With items from prehistoric times, and fine arts and decorative arts from as early as the 17th century, all the way up to the first half of the 20th century.
The museum was created in the 1920's by François Carnot, son of the president of the French Republic Marie François Sadi Carnot, who was married to the daughter of a perfume industrialist from Grasse.
The 18th-century mansion has retained its original distribution of staterooms and private spaces. Built by the Milanese architect Jean Orello, it has a typically Italian roof terrace and colourful façade, but a Provençal layout. The house, after being abandoned during the revolution, was sold to a family of perfumers, the Bruery brothers, who turned it into their factory changing the building extensively.
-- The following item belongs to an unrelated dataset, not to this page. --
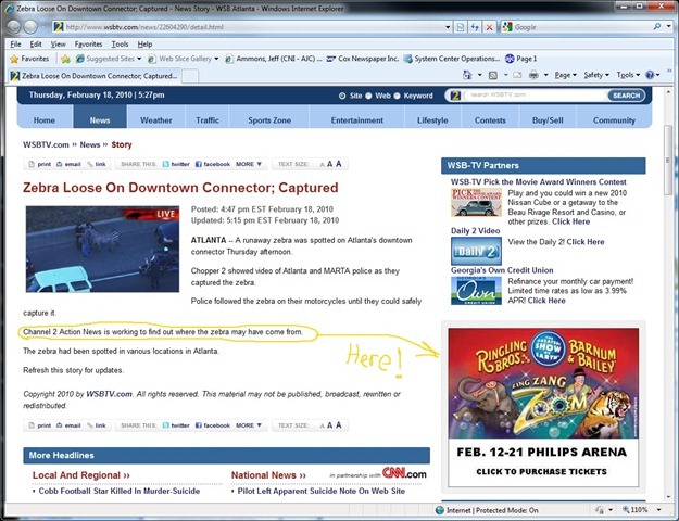 Zebra Found Monday, 01 February 2010 By Jeff Ammons Tags: Circus Humor Zebra My Photos Visit my art on Pixels Learn more Sometimes the answers are close at hand. UPDATE: Yep. That was it.
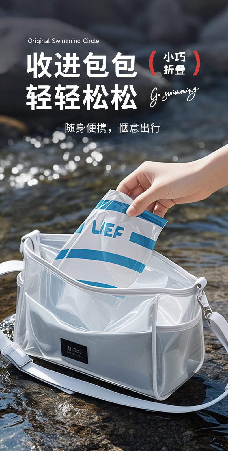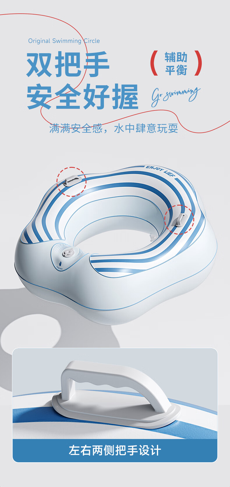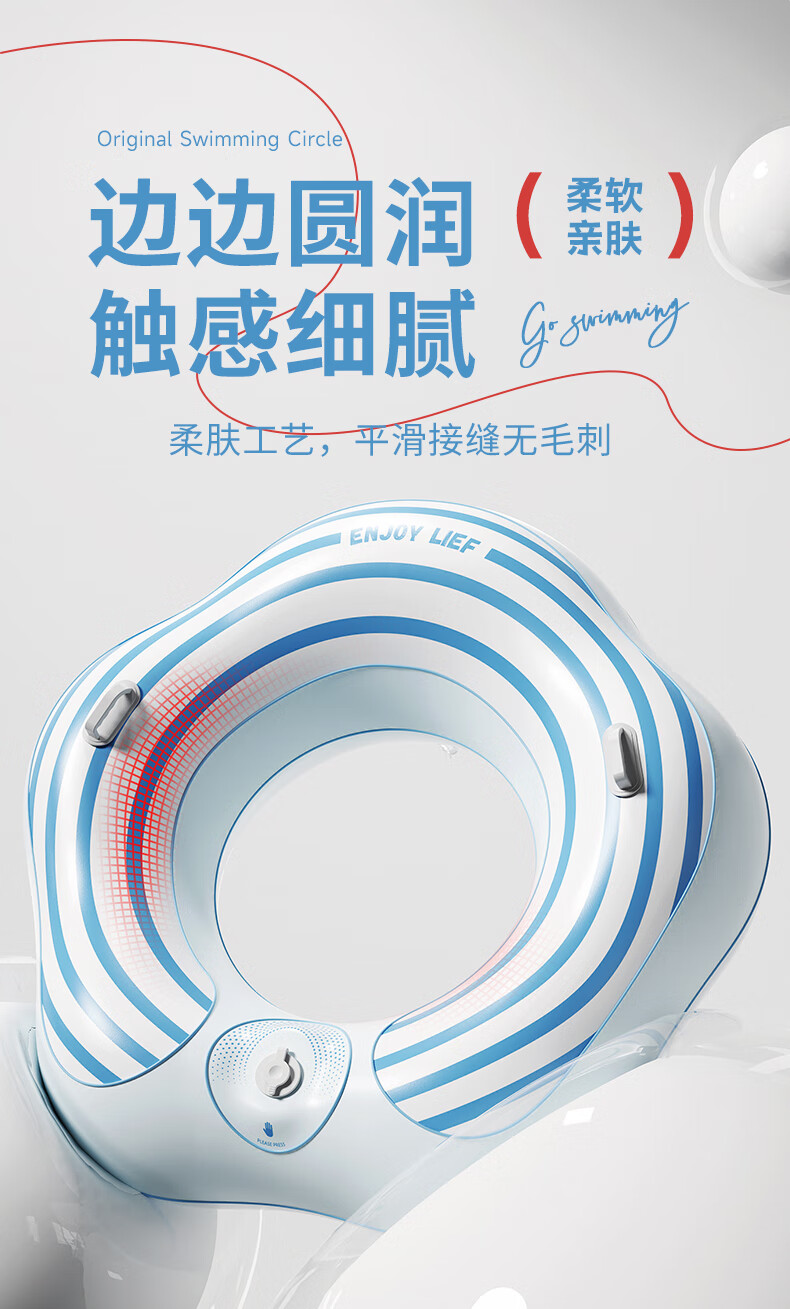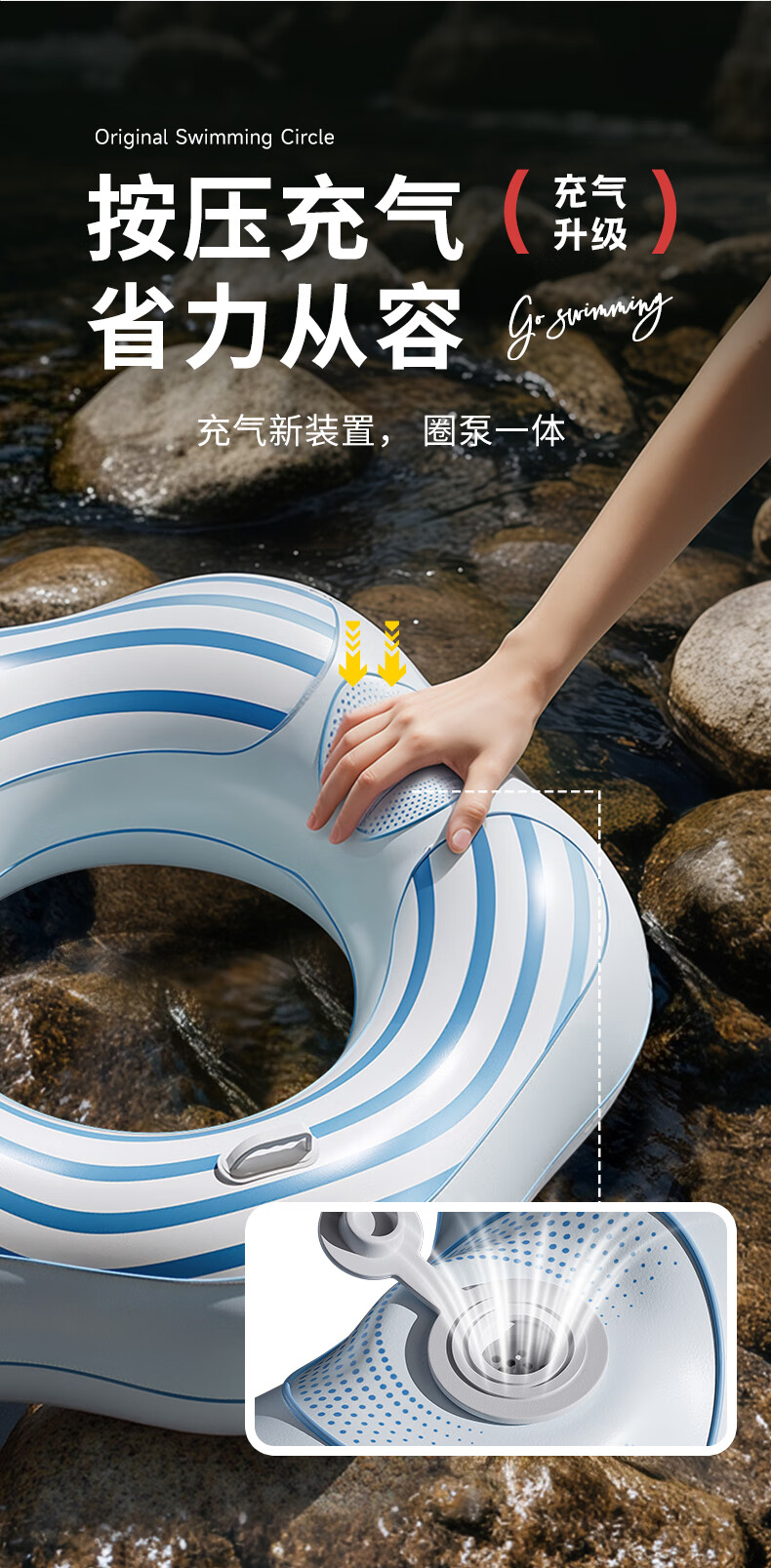 Outer color swimming ring adult press inflatable swimming ring thickened PVC simple ins style inflatable swimming ring children's floating ring armpit ring Huayang 80 laps sea blue coconut 80-120 Jin Jin equals 0.5 kg

Carnot bought it in 1918, restoring it to its former image as much as he could.
The collection is based around regional archaeology and popular arts and traditions, a selection of paintings, sculpture, graphic art, furniture, ceramics, glassware, textiles, jewellery and weapons, the museum tells the history of the eastern Provence whose traditions, firmly rooted in everyday life, favoured the emergence of strong local identities.
You can visit a traditional Provençal kitchen, the reception rooms and private apartments of the mansion and even a typical bathroom, all with authentic furniture and clothes. There is also a garden with roses, lemon trees and magnolias.